■ **Instructions for the task**: What you return should match the data word for word, minus the images.

--- Supplied material Enclosed Below ---

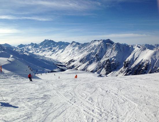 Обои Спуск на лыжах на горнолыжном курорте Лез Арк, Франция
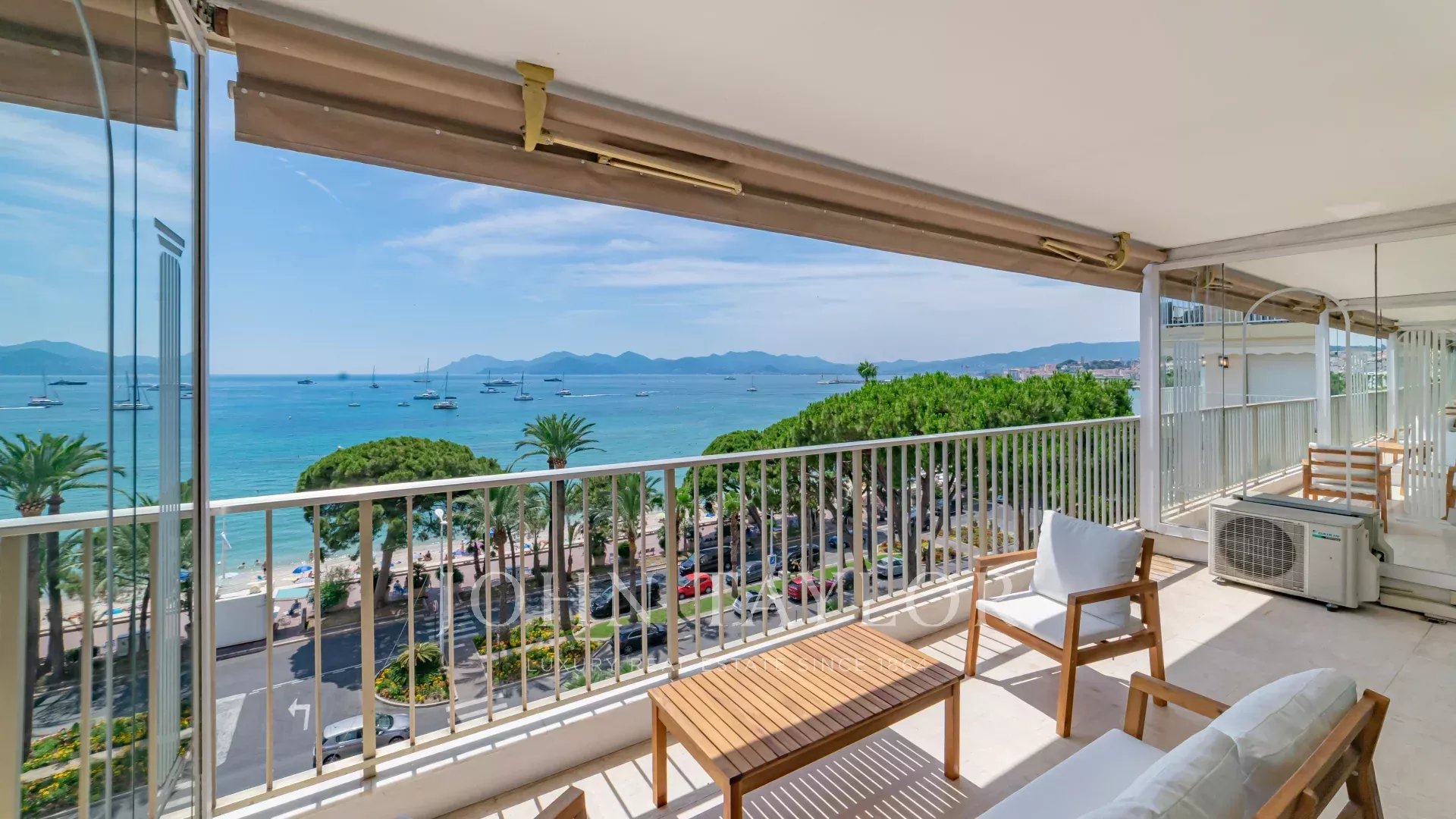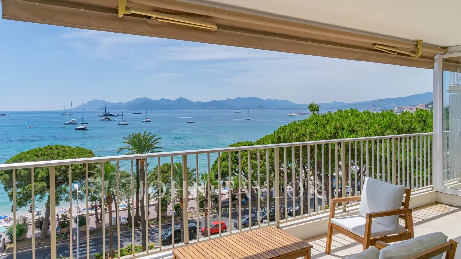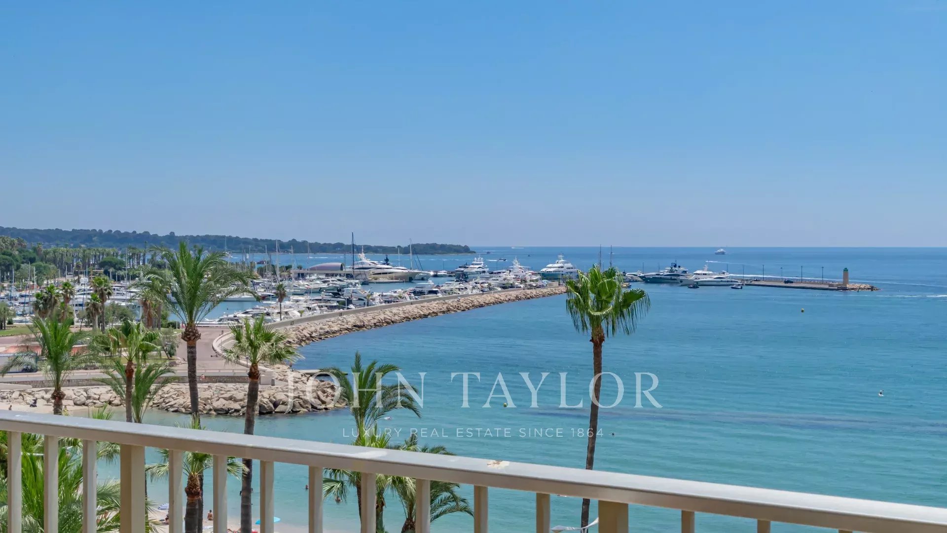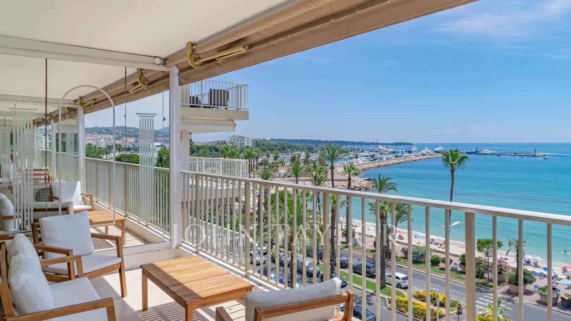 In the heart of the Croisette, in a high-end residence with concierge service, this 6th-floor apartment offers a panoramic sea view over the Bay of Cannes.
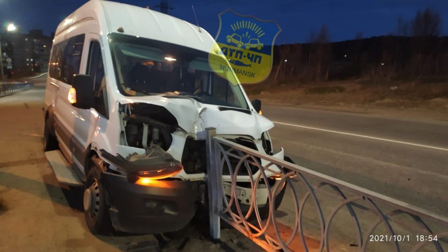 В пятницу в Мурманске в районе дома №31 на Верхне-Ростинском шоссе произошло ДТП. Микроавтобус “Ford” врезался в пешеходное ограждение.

--- End of Enclosed Supplied material ---

■ **Reply to the exercise**:
 Обои Спуск на лыжах на горнолыжном курорте Лез Арк, Франция
 In the heart of the Croisette, in a high-end residence with concierge service, this 6th-floor apartment offers a panoramic sea view over the Bay of Cannes.
 В пятницу в Мурманске в районе дома №31 на Верхне-Ростинском шоссе произошло ДТП. Микроавтобус “Ford” врезался в пешеходное ограждение.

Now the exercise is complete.